J Clin Outcomes Manage
Should we disclose harmful medical errors to patients? If so, How?
Gallagher TH, Lucas MH
Abstract Objective: To assess the strength of the evidence for disclosing errors to patients, focusing on patients’ and physicians’ attitudes toward disclosure and disclosure’s effect on malpractice claims, and to present practical suggestions for disclosing medical errors. Methods: Review of the literature.
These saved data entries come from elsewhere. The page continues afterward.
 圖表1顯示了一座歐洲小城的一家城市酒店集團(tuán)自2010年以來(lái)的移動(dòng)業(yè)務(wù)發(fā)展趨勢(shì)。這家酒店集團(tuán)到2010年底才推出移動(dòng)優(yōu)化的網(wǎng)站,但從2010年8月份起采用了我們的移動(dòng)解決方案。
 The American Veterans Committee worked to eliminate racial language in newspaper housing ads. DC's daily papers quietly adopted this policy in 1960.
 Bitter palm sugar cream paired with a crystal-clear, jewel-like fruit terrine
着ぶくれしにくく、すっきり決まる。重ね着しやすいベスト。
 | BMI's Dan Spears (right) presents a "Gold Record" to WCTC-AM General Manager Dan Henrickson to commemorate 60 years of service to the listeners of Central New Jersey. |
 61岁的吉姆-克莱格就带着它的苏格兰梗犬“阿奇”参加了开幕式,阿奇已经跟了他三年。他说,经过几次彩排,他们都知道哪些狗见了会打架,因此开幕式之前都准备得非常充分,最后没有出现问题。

Results: A gap exists between patients’ preferences for disclosure and current clinical practice. Patients have consistently expressed a desire to be told about harmful medical errors, and want to know why the error happened, how recurrences will be prevented, and to receive an apology. However, current data suggests that as few as 30% of harmful errors are disclosed to patients. Physicians support the general principle of disclosure, but hesitate to share the information patients want about errors. Physicians identify fear of liability as one important barrier to error disclosure and experience significant emotional distress after a harmful medical error. Limited data suggests that some institutions have adopted policies of more open disclosure without adverse malpractice consequences. The current disclosure literature contains important but unanswered questions, such as how patients’ preferences for disclosure vary along cultural and other dimensions, and whether recommended disclosure strategies improve patient trust and the likelihood of lawsuits. In the absence of definitive evidence about the outcomes of disclosure, practical suggestions for talking with patients about errors can be derived from the literature on doctor-patient communication, breaking bad news, and conflict resolution. Conclusion: Patients want to be told about harmful errors in their care, but at present such disclosure is uncommon. Closing gaps in the existing disclosure literature could help clinicians communicate more effectively with patients following harmful medical errors.